Algorithm of deep learning. Data are passed from layer to layer: from the input layer to the output layer. (a) Algorithm of artificial intelligence (AI). (b) Algorithm of AI using only carcinoembryonic antigen (CEA) except carbohydrate antigen (CA) 19-9, CA125 and amylase.

Endpoint

The primary endpoint was to investigate and compare the diagnostic ability of AI, AI using only CEA, cyst fluid analysis (CEA, CA19-9 CA125, and amylase) and cytology in differentiating malignant from benign pancreatic cystic lesions. The main outcomes were diagnostic sensitivity, specificity, PPV, NPV, and accuracy.

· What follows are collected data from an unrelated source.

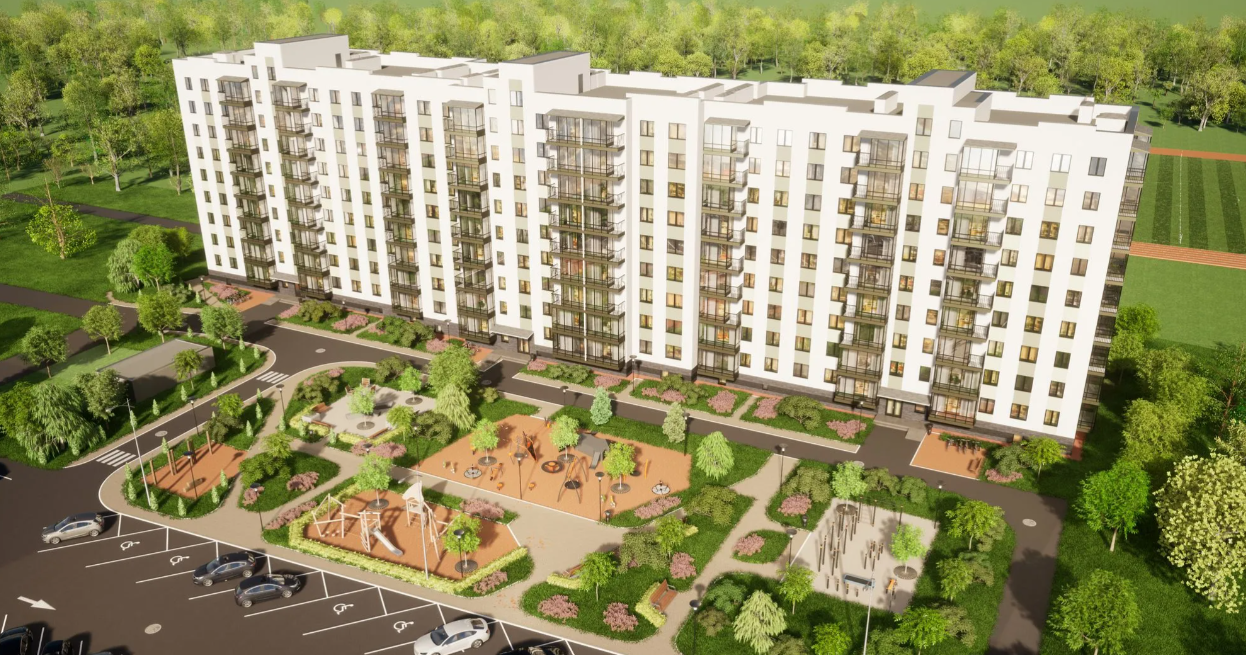 На прибудинковій території планують розмістити дитячий майданчик, зелену зону для відпочинку та автостоянку.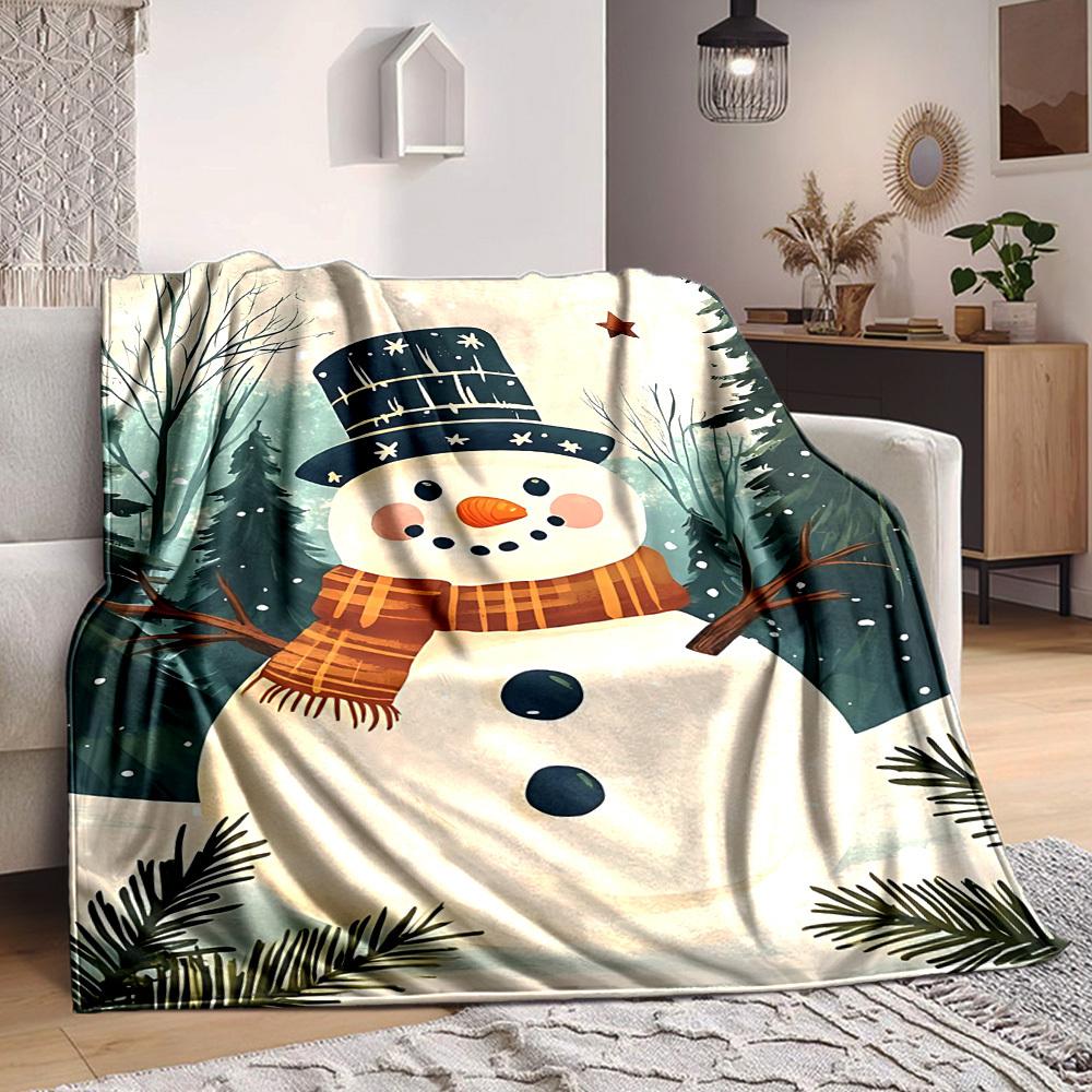 1pc Winter Snowman Blanket, Lightweight Flannel Throw Blanket for Sofa, Bed, Travel, Camping, Living Room, Office, Couch, Chair, and Bed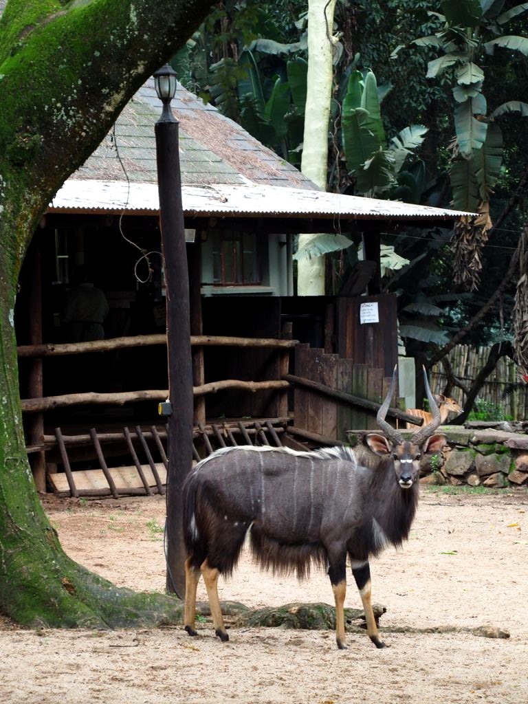 En chemin vers le Mlilwane Wildlife Sanctuary, nous avons fait un arrêt pour manger au Mantenga Lodge, un hôtel et restaurant sympathique situé dans la Ezulwini Valley (la « Vallée du Paradis »), avec une superbe vue sur l’Execution Rock, formation géologique particulière de la région. Leur cuisine mélange les spécialités Swazi et européennes. Nous y avons mangé un bon barbecue façon braai et même des scones en dessert, le tout accompagné de délicieux jus frais.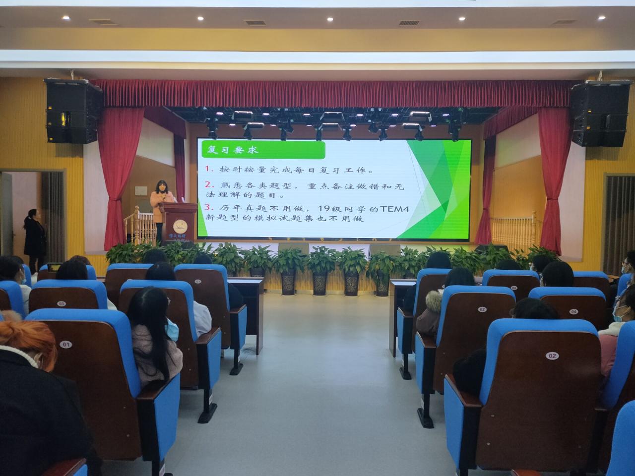 副院长罗丹老师总结,寒假的学习是为即将到来的专四考试做铺垫,希望每位学生都能自律,明确目标,充实自己。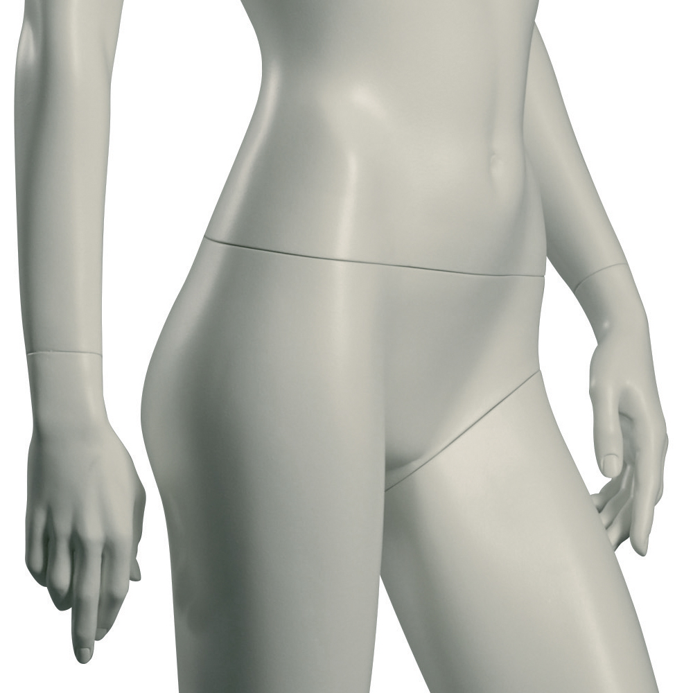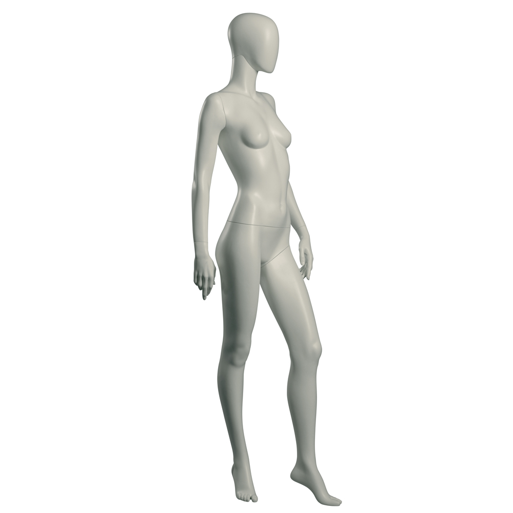 Κούκλα βιτρίνας ρεαλιστική της σειράς Stylized 2 σε όρθια στάση, με τα χέρια κάτω, αριστερό πόδι μπροστά και πατούσες στις μύτες. Το κεφάλι είναι αφαιρετικό - αυγοειδές (χωρίς καθόλου χαρακτηριστικά προσώπου) και κοιτάζει μπροστά. Οι λεπτομέρειες στα δάχτυλα χεριών και ποδιών είναι ρεαλιστικές. Είναι κατασκευασμένη από Fiberglass (λεπτές ίνες γυαλιού - ένα υλικό με μεγάλη αντοχή και μικρό βάρος).

The secondary endpoint was factors of malignant pancreatic cystic lesion. Factors of malignant pancreatic cystic lesion were analysed using univariate and multivariate analyses. Variables employed for analyses were CEA, CA19-9 CA125, amylase, sex, location of the cystic lesion, connection of the pancreatic duct and cyst, type of cyst, cytology, and AI.

Statistics

Chi-squared test (or Fisher’s exact test, if appropriate) was used for categorical variables and Mann-Whitney U test used for continuous variables in the univariate analyses. McNemar test was used to calculate the sensitivity, specificity, and accuracy. A P value < 0.05 was considered significant. ROC curve analysis was performed to characterise the diagnostic ability of cyst fluid tumour markers, amylase, cytology, and AI in differentiating malignant from benign cysts. The AUC was calculated to define the cut-off value for the diagnosis of malignant cystic lesions. The value at the top left was considered the cut-off value by ROC. Logistic regression models for multivariate analysis were used. Variables with p < 0.05 in the univariate analysis were selected for entry into the multivariate analysis. These statistical analyses were performed using SPSS version 21 software (IBM, Armonk, NY, USA).